Policy regarding new SEC Rules as of October 25, 2013
Angel Capital Association (ACA) guidance on these matters: www.angelcapitalassociation.org
506(b) or 506(c) offerings
Quiet vs. Loud
- NTAN welcomes applicants making either type of offering.
- All applicants are expected to understand SEC regulations.
- We have a clear preference for Quiet offerings.
- NTAN meetings will not cause an issuer to be considered Loud.
- NTAN term-sheets will require the issuer to provide a legal opinion letter that it has complied with all applicable SEC regulations.
- NTAN term-sheets for Quiet offerings may specify no Loud activities for 6 months.
Certification of Investors
- We require that issuers use the SEC prescribed “principles‐based methodology” (PBM) to verify our members are accredited investors.
- Our members will not provide personal financial data to companies seeking investment.
- Loud issuers must take “reasonable steps to verify” that all purchasers are accredited.
- Absolute proof is not the standard.
- Issuers must document steps taken to verify.
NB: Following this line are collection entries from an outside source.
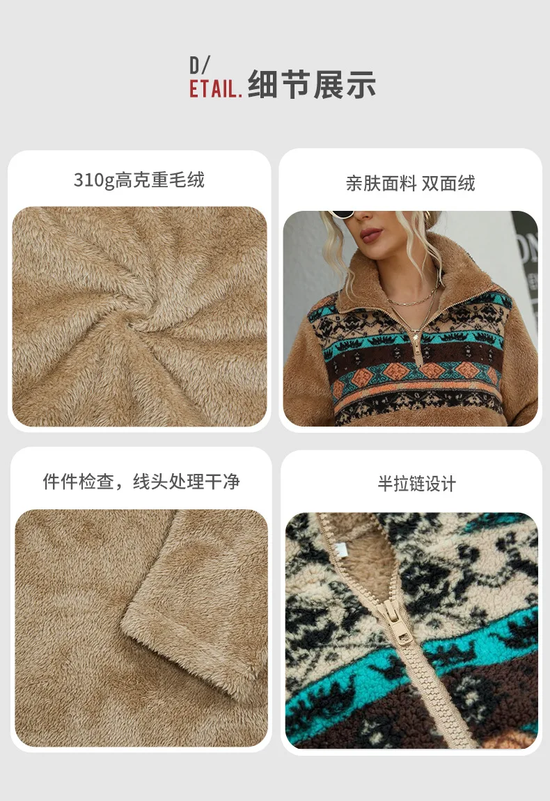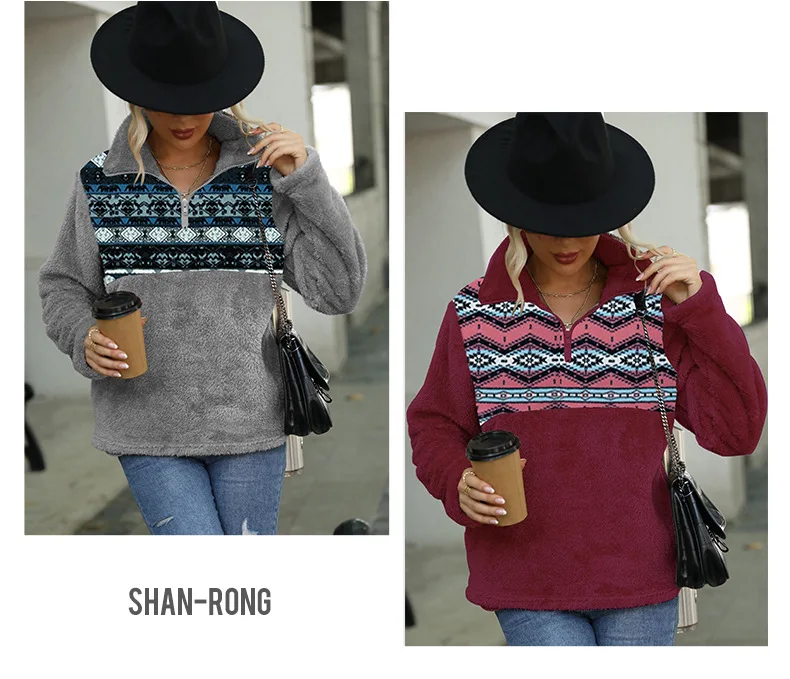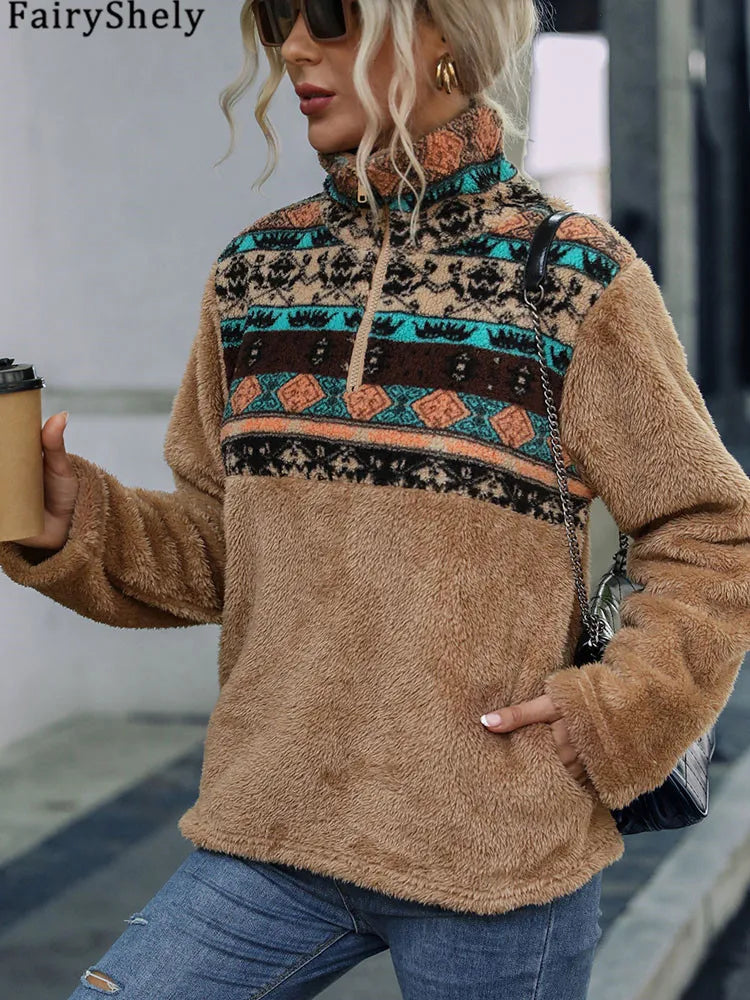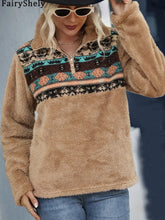 Fairyshely 2025 Winter Print Women Hoodies Casual Long Sleeve Hood Sweatshirt Loose Autumn Lady Stand Collar Plush Hoodie Tops
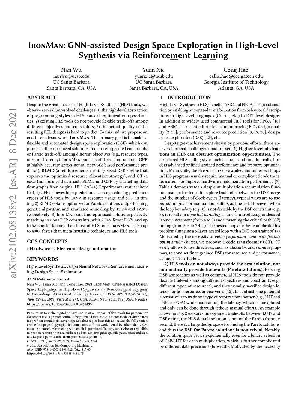 IronMan: GNN-assisted Design Space Exploration in High-Level Synthesis
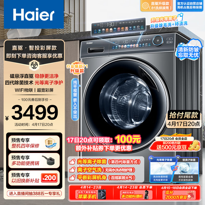 海尔(Haier)滚筒洗衣机全自动 10公斤洗烘一体机 【直驱EG100HMATE81SU1】 光等离子净护 物联 以旧换新家用价格:3598.00元!
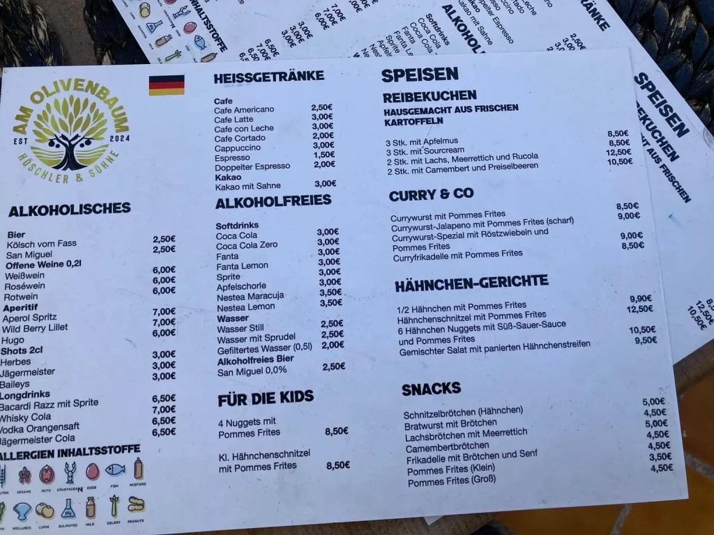 Denn: Auf der beliebtesten Insel der Deutschen brät „Malle-Andy“ in Paguera gemeinsam mit seiner Ehefrau Meiklen in seiner Imbiss-Bude „Am Olivenbaum“ direkt am Boulevard seit Juni 2024 Top-Würste und kölsche Deftigkeiten.

- NTAN will provide written confirmation that an investing member is in good standing.
- The SEC provided four non‐mandatory, non‐exclusive verification methods.
- Place costly and dangerous burdens on both entrepreneurs and investors.
- on both entrepreneurs and investors.
- Raise untenable privacy concerns.
- NTAN members generally will not provide financial data per these methods.
- Both 506(b) AND 506(c) Issuers are subject to these very broad limitations.
Every issuer and investor should consult legal counsel regarding these matters.